Silver has been used prophylactically and silver‐coated metallic dressings have been found in vitro to be effective against fungi, bacteria and multiresistant bacteria 39, 40, 41. Atiyeh et al. (42) confirm that this form of silver dressing may be useful in preventing infection and also indicate that silver‐coated metallic dressings provide a high concentration of silver (around 70 ppm) in the wound by releasing Ag + and Ag0. What is not clear is the proportion of Ag + and Ag0 present in the wound and the value of such a high concentration if silver is accepted as being bactericidal/bacteriostatic at oligodynamic concentrations. Although Ag0 (metallic silver) may oxidise to Ag + in contact with the atmosphere, there is no evidence that it is antimicrobial in action. However, Atiyeh et al. (42) do suggest that the dissolution of silver may favour antimicrobial and anti‐inflammatory activity.

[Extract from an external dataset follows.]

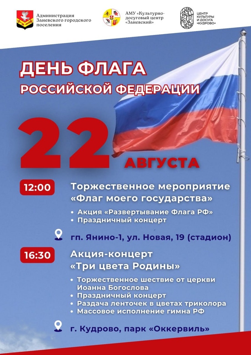 Дорогие друзья! Приглашаем вас принять участие в мероприятиях, посвящённых Дню Государственного Флага Российской Федерации. Российский триколор – главный символ нашей страны. Он хранит память поколений, объединяет граждан, дарит чувство гордости. Патриотические акции состоятся в Янино и Кудрово. На муниципальном стадионе проведут церемонию развертывания флага и праздничный концерт, наполненный песнями и музыкальными композициями, воспевающими нашу великую Родину. ℹ️В молодом городе все желающие приглашаются к участию в торжественном шествии с флагами от церкви Иоанна Богослова до амфитеатра в парке «Оккервиль», где состоится концерт. На празднике можно будет получить ленточку-триколор и присоединиться к массовому исполнению гимна России. Сбор у церкви в 16:30. ❗️Начало завтра в 12:00❗️ Заневское городское поселение ДТП и ЧП Кудрово

MODULATION OF INFLAMMATION

Inflammation is an early and vital stage of the reparative process and is mediated by a number of cells (43). Although inflammation is a necessary process, excessive or prolonged inflammation results in delayed healing and increased scarring. In a study using a rat wound model, Hoekstra et al. (43) made a histological comparison of acute inflammatory responses in partial‐thickness wounds when using a hydrofibre or tulle gauze dressing. The findings show that there was minimal inflammation in the hydrofibre dressed wounds when compared with the Tulle gauze dressed wounds. This difference was attributed to the formation of a thin fibrin polymerised layer between the hydrofibre dressing and the wound bed. This layer of fibrin clearly separated the Polymorphonucleocytes (PMNs) within the hydrofibre dressing from the macrophages that invaded the wound bed 3–4 days after wounding. Fewer macrophages were evident in the wound bed and none were detected in the dressing. Macrophages separated from granulocytes act in the repair mode and are not activated for defence purposes. This phenomenon of reduction of inflammation is termed ‘quiet inflammation’. In the wounds dressed with Tulle gauze, material was found embedded in the wound bed which showed ‘a disturbed pattern of epithelial outgrowth’ and ‘damage to the dermal matrix’.

CONCLUSIONS

It can be seen from the above discussion that solely considering antimicrobial activity as a measure of dressing performance views product efficacy from a too narrow perspective. Clinicians cannot afford to ignore the ancillary activity of the dressing if patients are to receive optimal and comprehensive care.